It’s spring so my garden plot is overflowing with leafy greens. The nettles are making it dangerous for anyone in shorts, the favas are bursting to the sky, and it’s been difficult to keep up with the arugula. And that’s just half of it.
Given the bounty I’ve been searching high and low for recipes but I’ve been hitting a wall: There are relatively few recipes for these sorts of spring greens on the English language Internet. It’s not a huge surprise, years ago Steve Upstill and I created RecipePower exactly for this reason, there’s tons of junk and – even better! – lots of duplicated junk that obscures all the high quality recipes out there. Sure, if you use really precise search terms you might be successful in discovering creative and well crafted recipes. It’s just that the pool of recipes for an ingredient like nettles and many other ingredients is incredibly shallow.
I’m fortunate enough to speak Italian pretty fluently so I always search for recipes either directly through Google in Italian or head to one of the big Italian language recipe sites like Giallo Zafferano for guidance. And, boy, when it comes to do they have the type of inspiration and variety of recipes that I’ve been looking for. Just for nettles, ortica or ortiche in Italian, they have a really robust list of ideas that would be difficult or impossible to find on the English language Internet.

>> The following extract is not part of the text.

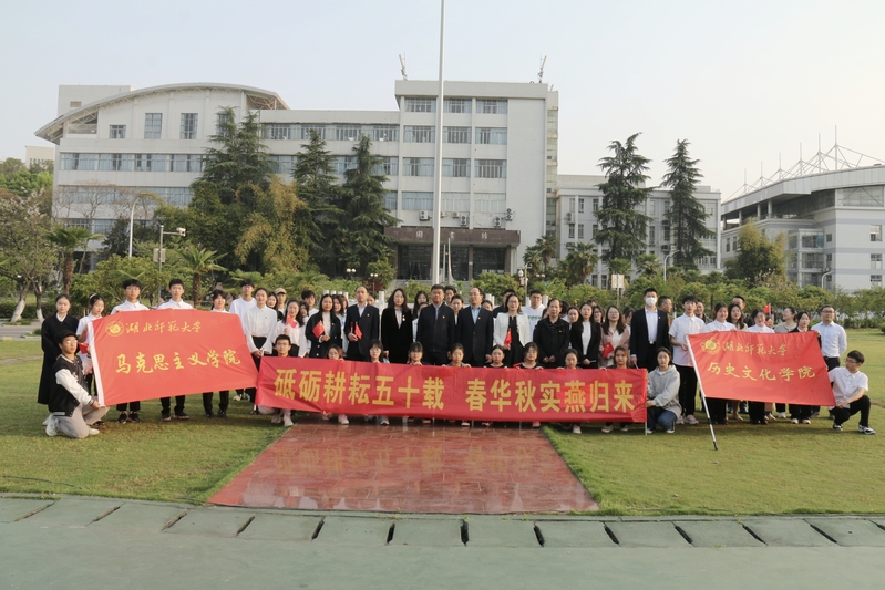 五秩砥砺耕耘,风雨兼程;年轮流转,春华秋实;今燕归之际,桃李天下、秀美湖师。希望同学们握紧时代的接力棒,始终以“诚、毅、勤、敏”为训,继承湖师优良传统,争做“感党恩、跟党走,爱湖师、爱校园”的湖师人。

It’s a great example of what’s out there but culture is so embedded in language that even with all those translation tools, you have to think to look and use the language to get there. And that’s just one example, I just started poking around the French, German, and Spanish recipe sites which are islands unto themselves. I only wish I knew Greek and Serbo-Croatian so that I could start researching what’s available in those languages as well.